This work addresses the challenge of constructing compact and reliable prediction sets for multivariate regression under finite-sample settings. Existing conformal prediction methods either rely on strong geometric assumptions or compromise computational efficiency and volume optimality. We propose a novel volume-oriented conformal prediction framework that introduces a volume-sensitive loss function, yielding adaptive nonconformity scores compatible with arbitrary norm-ball structures—including single- and mixed-norm configurations. To our knowledge, this is the first approach enabling end-to-end joint optimization of both the predictive model and the shape of the uncertainty set. The method guarantees rigorous finite-sample coverage while significantly reducing prediction set volume, and achieves superior computational efficiency compared to state-of-the-art flexible alternatives. Extensive experiments on multiple real-world datasets demonstrate its effectiveness and robustness.

Conformal prediction provides a principled framework for constructing predictive sets with finite-sample validity.

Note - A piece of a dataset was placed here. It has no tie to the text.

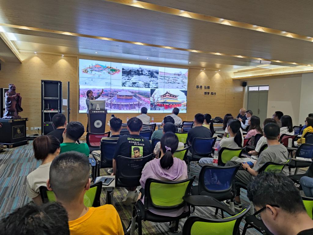 陈港泉处长首先介绍了莫高窟的价值,以此引入对敦煌莫高窟监测预警体系内容的阐述,围绕莫高窟壁画的制作工艺与壁画病害、当前壁画保存与莫高窟开放面临的问题、监测预警体系分析研究以及应用等方面,为在场师生分享了敦煌莫高窟的历史文化、莫高窟特殊的环境及病害、以及如何利用现有的监测预警技术对莫高窟进行保护预警等方面的知识和经验。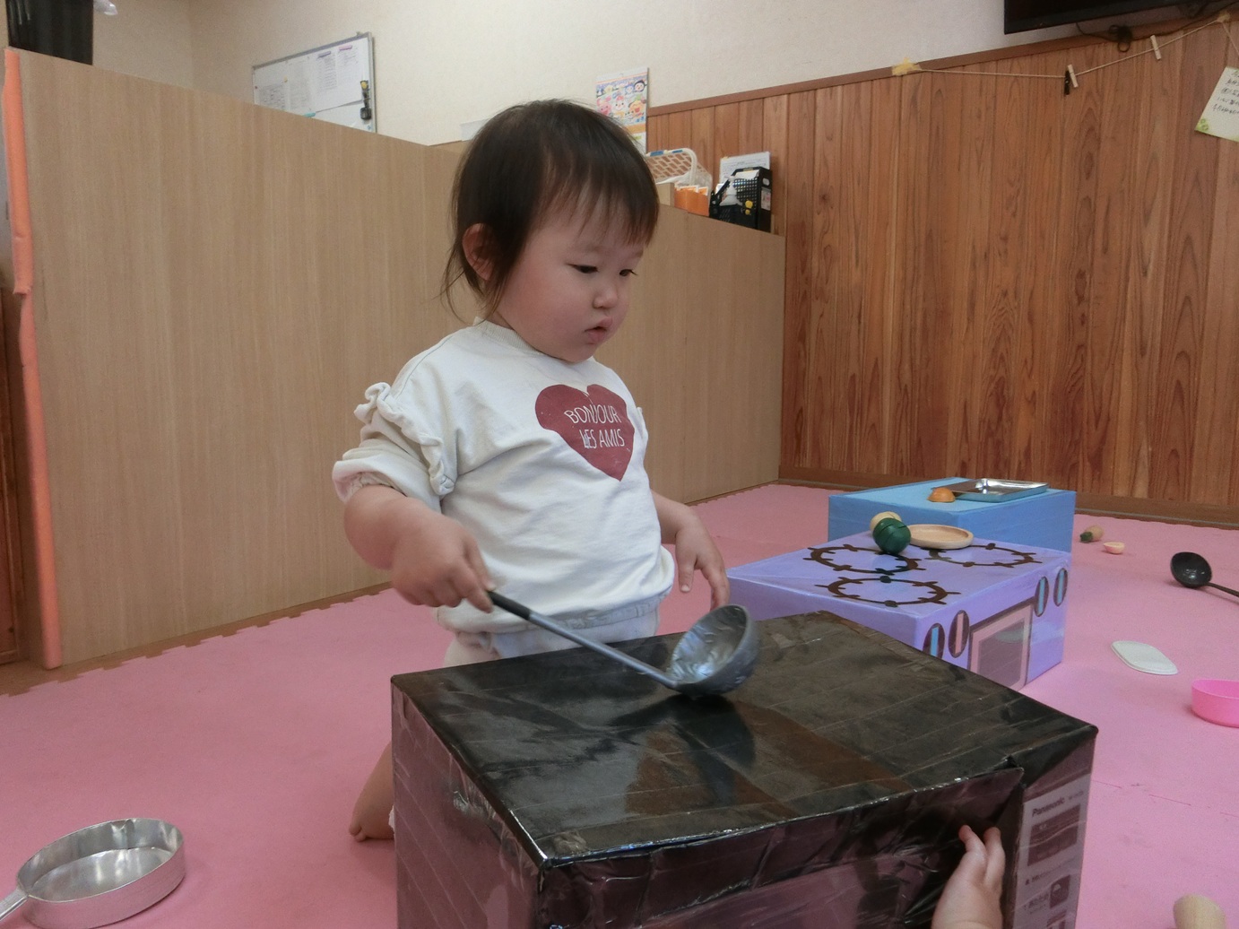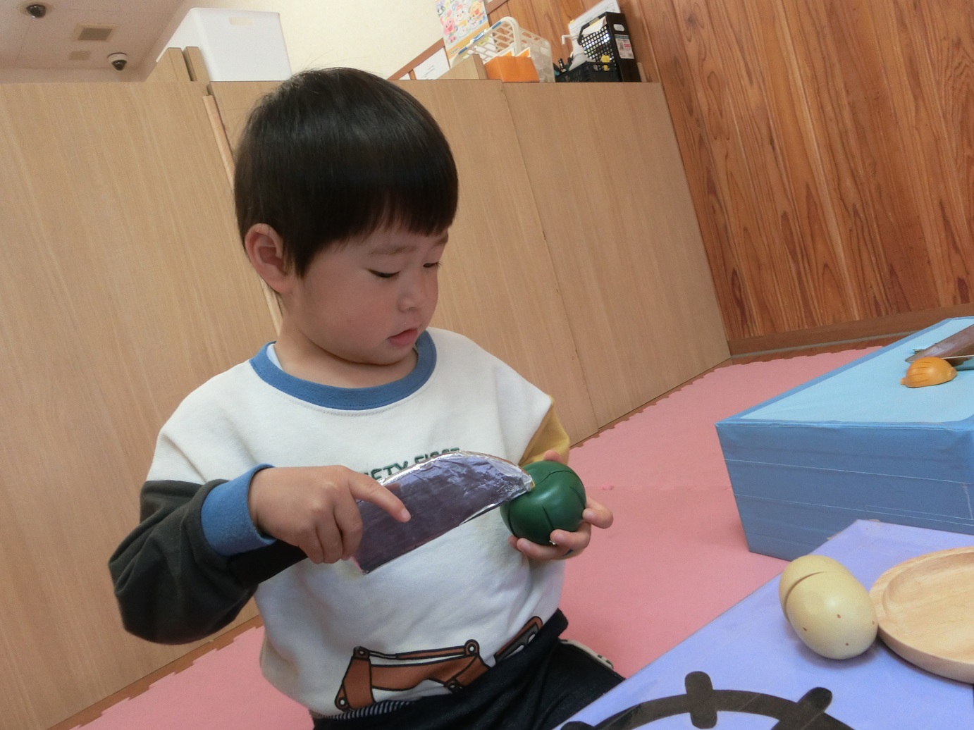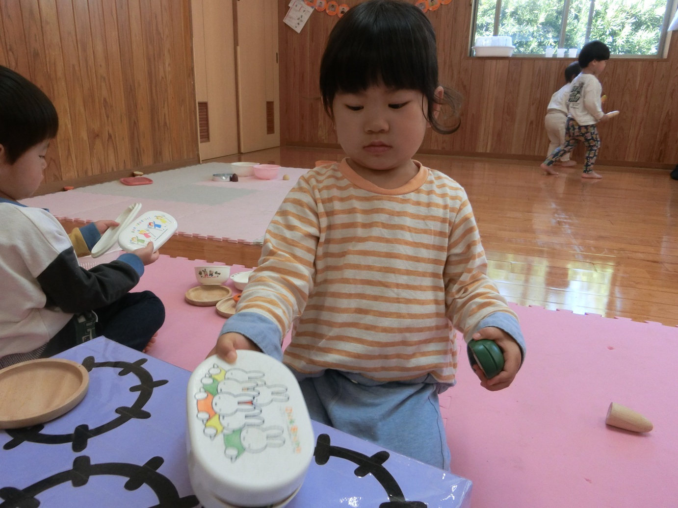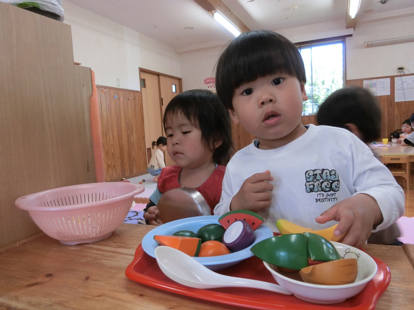 ぱんだ組になり新しい友だちが増え12名でスタートしました! 新年度が始まって、色んな遊びを楽しんでいるぱんだ組さんです。 室内遊びでは、ままごと遊びが好きな子どもたち。 ままごとの玩具を出すと大喜びです。 好きな食べ物を見つけてくると「先生バナナ~♡」と教えてくれたり、お父さんお母さんの真似をして「ご飯できたよ~!」と持ってきたりままごと遊びが上手なぱんだ組さんです。 1年間でたくさんの思い出を作っていけたらと思いますのでよろしくお願いします!

While much of the focus has been on univariate response variables, existing multivariate methods either impose rigid geometric assumptions or rely on flexible but computationally expensive approaches that do not explicitly optimize prediction set volume. We propose an optimization-driven framework based on a novel loss function that directly learns minimum-volume covering sets while ensuring valid coverage. This formulation naturally induces a new nonconformity score for conformal prediction, which adapts to the residual distribution and covariates. Our approach optimizes over prediction sets defined by arbitrary norm balls, including single and multi-norm formulations. Additionally, by jointly optimizing both the predictive model and predictive uncertainty, we obtain prediction sets that are tight, informative, and computationally efficient, as demonstrated in our experiments on real-world datasets.